Complete Steps A+B before spending any web budget.
If exhausted mid-step: emit ~ c{id}: BUDGET-EXHAUSTED -- not checked and stop.
Input: VERIFY_PACKET
VERIFY_PACKET
=============================================================
repo_root: /tmp/repo-analysis-XXXXXX <- use this path directly
repo_structure: <directory listing>
files_read: <list of files main agent already read, with strategies>
arch_graph: <ARCH_GRAPH JSON -- nodes[] and edges[] arrays>
claims: <claim-manifest XML>
=============================================================
On receipt:
- Record
repo_root. NEVER re-clone. - Parse
arch_graphinto working GRAPH state. - Parse
claim-manifestand partition: CONFIRMED (spot-check), INFERRED/SPECULATIVE (full). - Log:
Verifier received N claims, M graph edges (confirmed: X, unconfirmed: Y)

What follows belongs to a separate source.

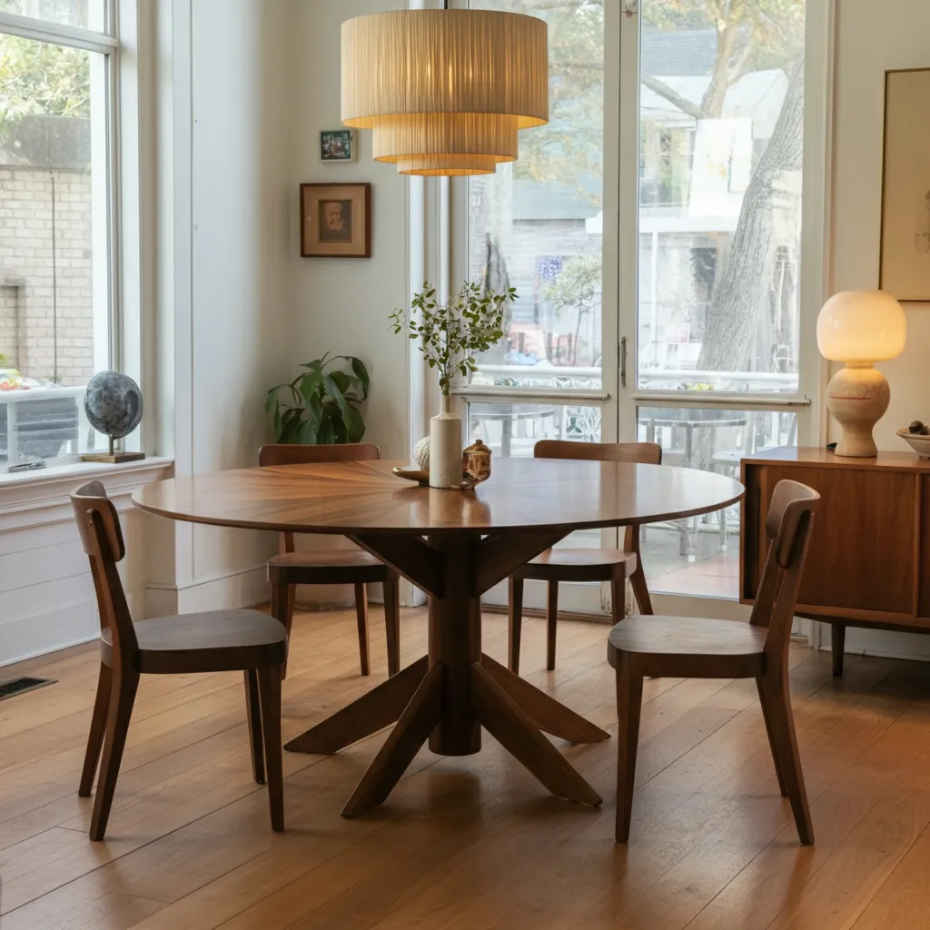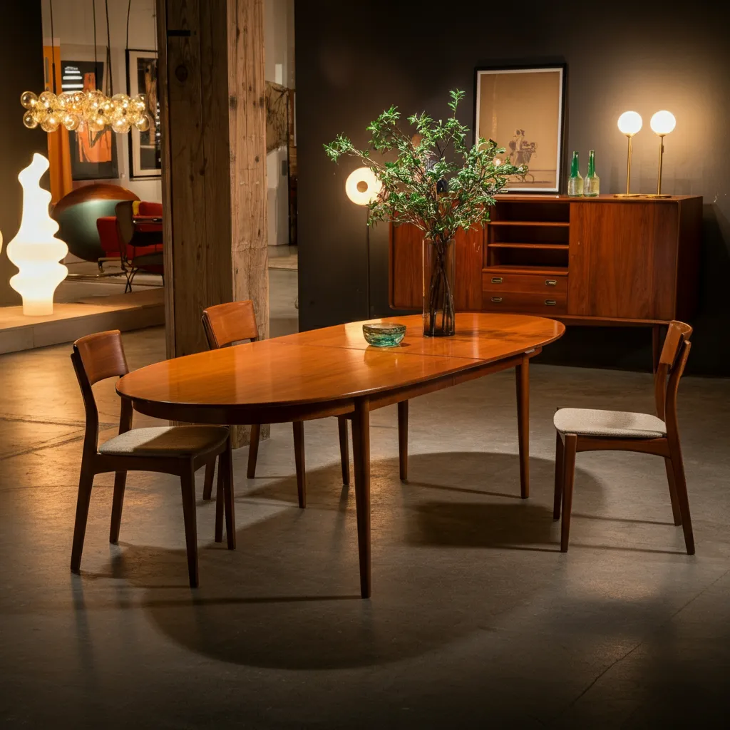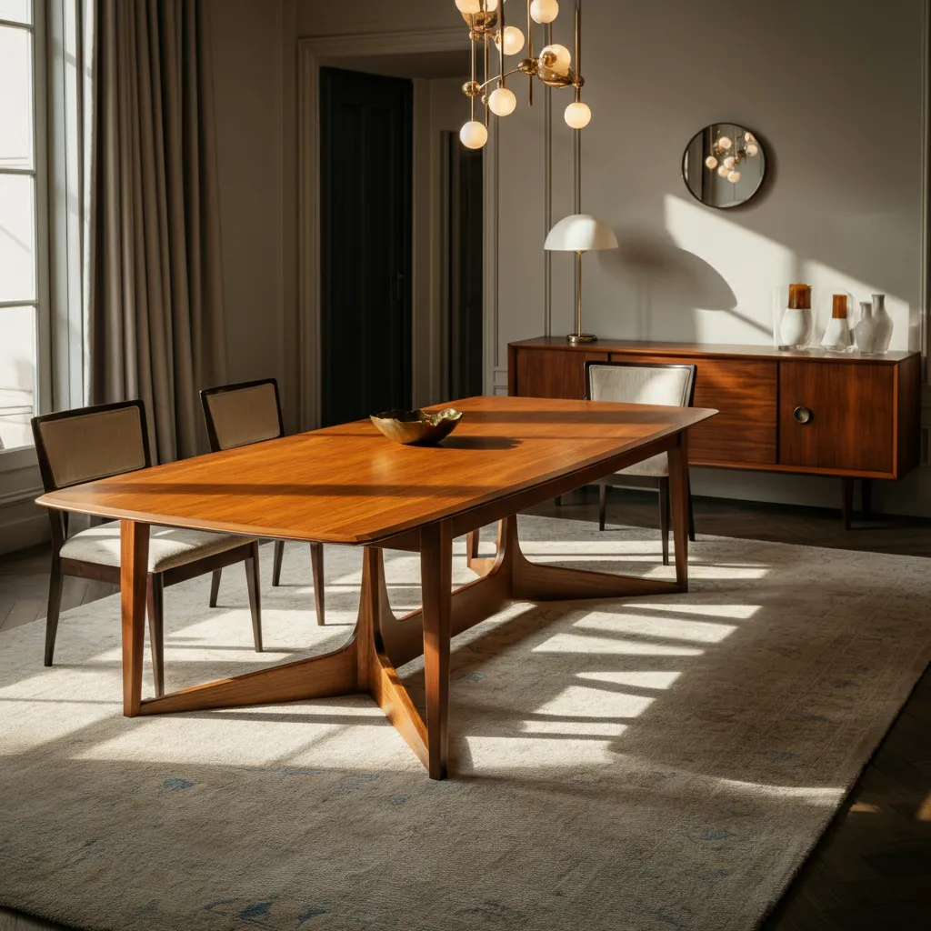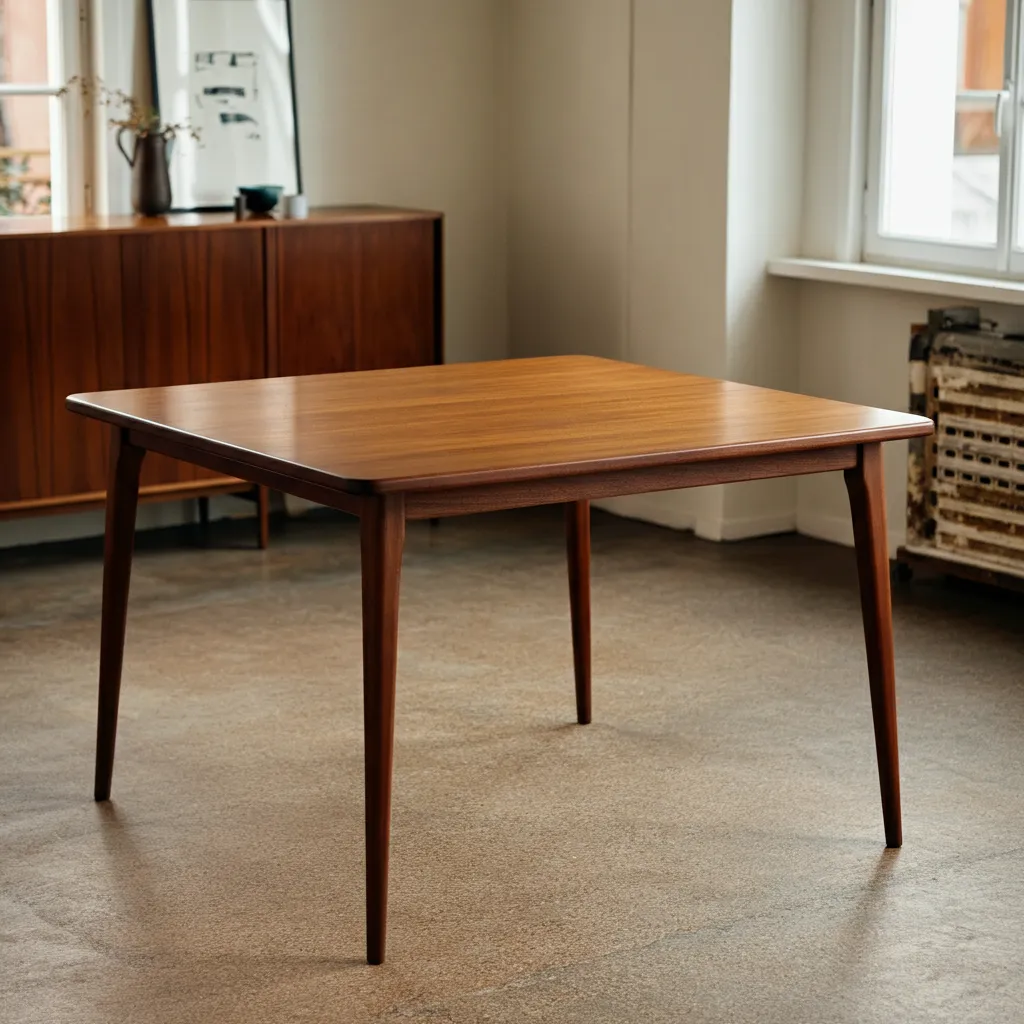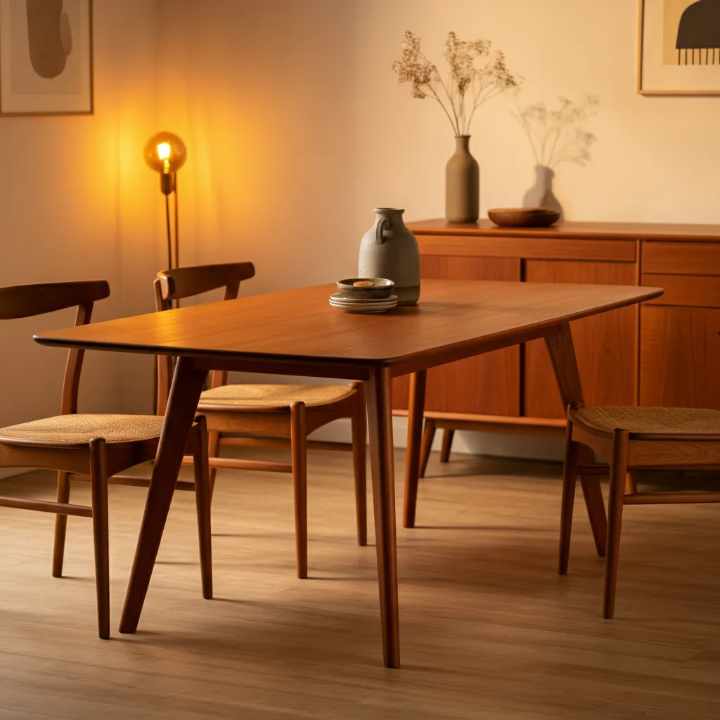 A classic teak table with four gracefully splayed legs is the quintessential mid-century piece. It’s durable, beautiful, and perfect for daily meals.

Step A -- Code Pass (all claims, no web or graph budget)
Process ALL claims against repo source before any graph or web work.
CONFIRMED claims:
Grep the cited source file/line
Hit -> mark SPOT-CHECKED
Miss -> mark NEEDS-WEB
INFERRED / SPECULATIVE claims:
STEP 1 -- Grep/ls from hint (~30-50 tokens)
Hit -> mark CODE-CONFIRMED
Miss -> STEP 2
STEP 2 -- Was hinted file in main agent's files_read?
YES -> grep only (never re-fetch). Still miss -> mark NEEDS-WEB
NO -> check length: wc -l
<= 80 lines: read hint range (sed -n)
> 80 lines: grep-only
Hit -> mark CODE-CONFIRMED; miss -> mark NEEDS-WEB
Re-fetch rule: if a file is in files_read, NEVER re-fetch it. Grep the local clone.
Step B -- DFS Graph Check (ARCH_GRAPH edge verification)
This step verifies the structural accuracy of the component relationship graph. It is the primary mechanism for catching diagram errors like co-location vs. separation, call direction, and which components actually share process space.
B1. Prioritise unconfirmed edges
Process edges in this order:
confirmed: falseedges first -- these are the main agent's guessesconfirmed: trueedges with high architectural significance:containsedges (co-location / process boundaries)guardsedges (security layer coverage)- Any edge involving a
security-layernode
Skip confirmed: true non-security edges if budget is tight.
B2. DFS traversal procedure
For each edge { from: A, to: B, type: T, label: L }:
1. IDENTIFY the source files for nodes A and B
- Use node.file if present
- Otherwise: grep -r "class {label}\|const {label}\|export.*{label}" src/ -l | head -3
2. GREP for the relationship in A's file:
grep -n "{B.label}\|{B's exported name}" {A.file} | head -20
3. INTERPRET the grep result against the claimed edge type:
Type = "contains":
Look for: B instantiated inside A's class/constructor, B imported and held
as a class property, B's start() called from A's start().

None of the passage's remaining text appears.